Spikes in CPU starting at 3am?

It was noticed that between 3am and 5am every morning, the CPU of our DW reached it’s peak and at times was close to using all CPU on the server.

A check using dba_hist_active_sess_history (diagnostics pack required!) showed that the responsible sessions were doing similar SQL:

select * from (
select session_type,sql_id,nvl(event,'cpu') event, module
 ,count(*) "COUNT(*)"
from dba_hist_active_sess_history ash
join dba_hist_snapshot ss
 on ss.snap_id = ash.snap_id
 and ss.dbid = ash.dbid
where ash.sample_time between to_date(:startdate_1 ,'dd/mm/yyyy hh24:mi:ss') and to_date(:enddate_1 ,'dd/mm/yyyy hh24:mi:ss')
and ss.begin_interval_time <= to_date(:enddate_1 ,'dd/mm/yyyy hh24:mi:ss')
and ss.end_interval_time >= to_date(:startdate_1 ,'dd/mm/yyyy hh24:mi:ss')
group by session_type,sql_id,nvl(event,'cpu'),module
order by count(*) desc)
where rownum <=5 order by "COUNT(*)"

_____________ _____________ ______________________________ ______________________________ ________________________
FOREGROUND 1kz16yhs993h2 latch: undo global data DBMS_SCHEDULER 459
FOREGROUND 1k5c5twx2xr01 cpu DBMS_SCHEDULER 2,347
BACKGROUND cpu backup incr datafile 2,970
FOREGROUND 1kz16yhs993h2 cpu DBMS_SCHEDULER 3,798

5 rows selected.

select sql_id, sql_text from v$sql where sql_id in ('1kz16yhs993h2','1k5c5twx2xr01') and child_number = 0;

_____________ ____________________________________________________________________________________________________
1kz16yhs993h2 insert into sys.scheduler$_event_log (log_id, log_date, type#, name, owner, operation, status, user
 _name, client_id, guid, dbid, additional_info, destination, credential, class_id, flags) value
 s (:1, SYSTIMESTAMP, :2, :3, :4, :5, :6, :7, :8, :9, NULL, :10, :11, :12, :13, :14)

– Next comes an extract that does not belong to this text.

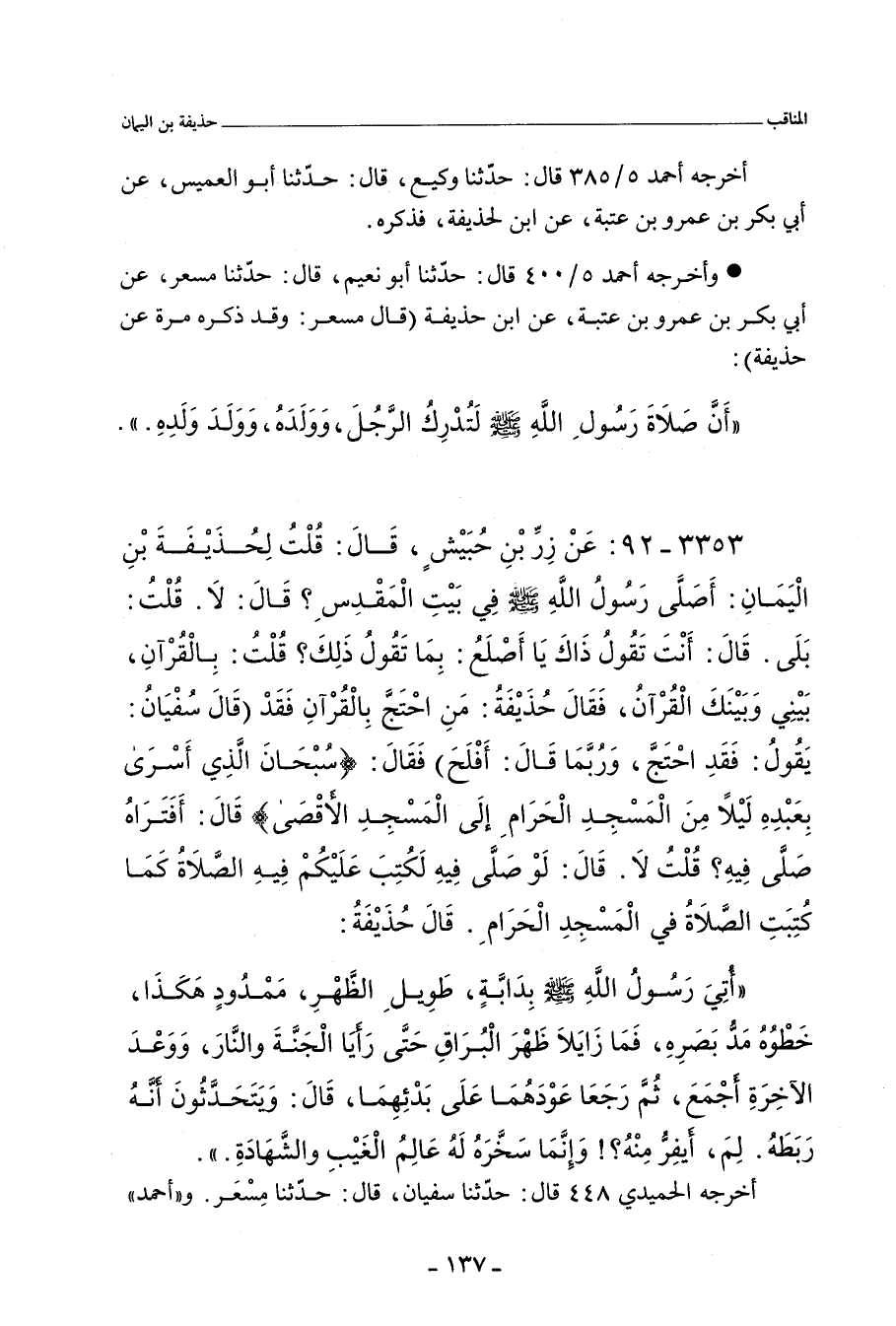 قَالَ زِرٌّ: فَقُلْتُ: بَلَى قَدْ صَلَّى. قَالَ حُذَيْفَةُ: مَا اسْمُكَ يَا أَصْلَعُ؟ فَإِنِّي أَعْرِفُ وَجْهَكَ، وَلَا أَدْرِى مَا اسْمُكَ. قَالَ: قُلْتُ: أَنَا زِرُّ بْنُ حُبَيْشٍ، قَالَ: وَمَا يُدْرِيكَ؟ وَهَلْ تَجِدُهُ صَلَّى، قَالَ: قُلْتُ: لِقَوْلِ اللهِ، عَزَّ وَجَلَّ: (سُبْحَانَ الَّذِي أَسْرَى بِعَبْدِهِ) الآيَةَ. قَالَ: وَهَلْ تَجِدُهُ صَلَّى؟ لَو صَلَّى فِيهِ، صَلَّيْنَا فِيهِ، كَمَا نُصَلِّي فِي الْمَسْجِدِ الْحَرَامِ، وَقِيلَ لِحُذَيْفَةَ: رَبَطَ الدَّابَّةَ بِالْحَلْقَةِ الَّتِي يَرْبِطَ بِهَا الأَنْبِيَاءُ، فَقَالَ حُذَيْفَةُ: أَوَ كَانَ يَخَافُ أَنْ تَذْهَبَ، وَقَدْ آتَاهُ اللَّهُ بِهَا.

1k5c5twx2xr01 insert into sys.scheduler$_job_run_details (log_id, log_date, req_start_date, start_date, run_durat
 ion, instance_id, session_id, slave_pid, cpu_used, error#, additional_info) values (:1, SYSTIME
 STAMP, :2, :3, :4, :5, :6, :7, numtodsinterval(:8/100, 'second'), :9, :10)

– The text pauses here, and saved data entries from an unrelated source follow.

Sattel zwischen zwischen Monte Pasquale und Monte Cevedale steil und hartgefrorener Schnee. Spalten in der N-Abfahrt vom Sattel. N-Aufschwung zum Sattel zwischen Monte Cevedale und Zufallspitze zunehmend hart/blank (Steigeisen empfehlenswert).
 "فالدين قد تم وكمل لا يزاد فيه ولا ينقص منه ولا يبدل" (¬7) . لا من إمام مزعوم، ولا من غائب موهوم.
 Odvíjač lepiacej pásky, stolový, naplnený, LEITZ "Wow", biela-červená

These are the SQLs that get run as part of logging a dbms_scheduler job, so we must be attempting to do a lot more scheduled jobs around these times, right? We have an incremental ETL that is constantly running via scheduler jobs (the many dependencies are managed by scheduler chains) so we were already aware that we do fire off a lot of jobs (our job_queue_processes is 24 so there is often many concurrent job sessions). In September last year, we upgraded our CDC  processing from using archived redo logs to online redo logs – meaning that our incremental loads were much more frequent (from every 5 minutes to every few seconds, limited by processing time). We did a check of what gets logged to dba_scheduler_job_log between these hours and compared it to other hours in the day, nothing really stood out as being different. If anything, we executed less scheduled jobs.

I decided to think about what else was really going on in the system between these times, yes there were back up operations going on but that’s not every day and they are certainly active for a couple hours either side of this window – it couldn’t explain the regular hits.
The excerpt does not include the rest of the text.